Hi, I am having an issue with BWA genome alignment where sequence information is not being stored (i.e. sequence output in bam file is a * ). Can anyone tell me why this is happening and how to retrieve my sequences?? I need them for doing downstream SNP analysis. My code for alignment, sam to bam and sorting: bwa mem -t $cpu -r 1 -a -M -R $rg $genome $l | \ sambamba view -t $cpu -f bam -h -S /dev/stdin | \ sambamba sort -t $cpu -o $aligned/$flow/$lane/${nameNoExt}_RG_sorted.bam /dev/stdin
where $rg is my read group tag, $genome is the path to my genome file and $l is the loop to my input files
Here is a portion of the output when using: samtools view /path/to/file.bam | head -n 20 The first two have their sequences, while the remaining three output sequences have stars as their sequences. How can I tell bwa to keep these sequences?

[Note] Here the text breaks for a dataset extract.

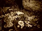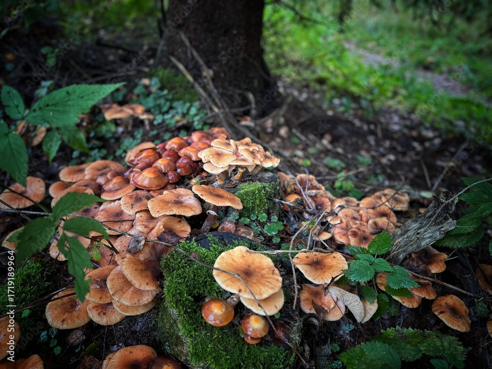 a stump covered with false honey mushrooms

HWI-ST521:68:C07EDACXX:2:2106:17357:162867 0 Gm01 30991 60 93M * 0 0 CAGCGTGAAGGGAACGAGTATTATTATTTATAACCAGCCACGTCATCAAGAGAAGAATATGGAAGGTGGATCGGGCCTTGCTATCCACACCCC FFFHFHHDHIIGJIJIJIEFGIJJJIIJJCIHGIGIIJJIJIGHGGFGIECHIIIIEHHHHEDFF<;@CACD>BBBBBC>ACDDCC>?><<@5 NM:i:1 MD:Z:45G47 AS:i:88 XS:i:0 RG:Z:PI438460
HWI-ST521:68:C07EDACXX:2:1103:2382:91229 0 Gm01 33652 60 49M * 0 0 CAGCAATTCTGATAACAGTACCATTTTTTTTTTTGGAAGGCAAAATTAG FFFHHHGHEGIBHIJIJJHIIGGIIJJJJJJJIGBHA?EC2?DECA;;; NM:i:0 MD:Z:49 AS:i:49 XS:i:26 RG:Z:PI438460
HWI-ST521:68:C07EDACXX:2:2106:5869:22021 256 Gm01 33999 0 60M34H * 0 0 * * NM:i:1 MD:Z:45T14 AS:i:55 RG:Z:PI438460
HWI-ST521:68:C07EDACXX:2:1101:3451:56376 256 Gm01 33999 0 59M35H * 0 0 * * NM:i:2 MD:Z:45T5A7 AS:i:49 RG:Z:PI438460
HWI-ST521:68:C07EDACXX:2:2106:19619:31878 256 Gm01 33999 0 59M35H * 0 0 * * NM:i:2 MD:Z:45T5A7 AS:i:49 RG:Z:PI438460
Hello tanya.copley!
It appears that your post has been cross-posted to another site: http://seqanswers.com/forums/showthread.php?p=200869#post200869
This is typically not recommended as it runs the risk of annoying people in both communities.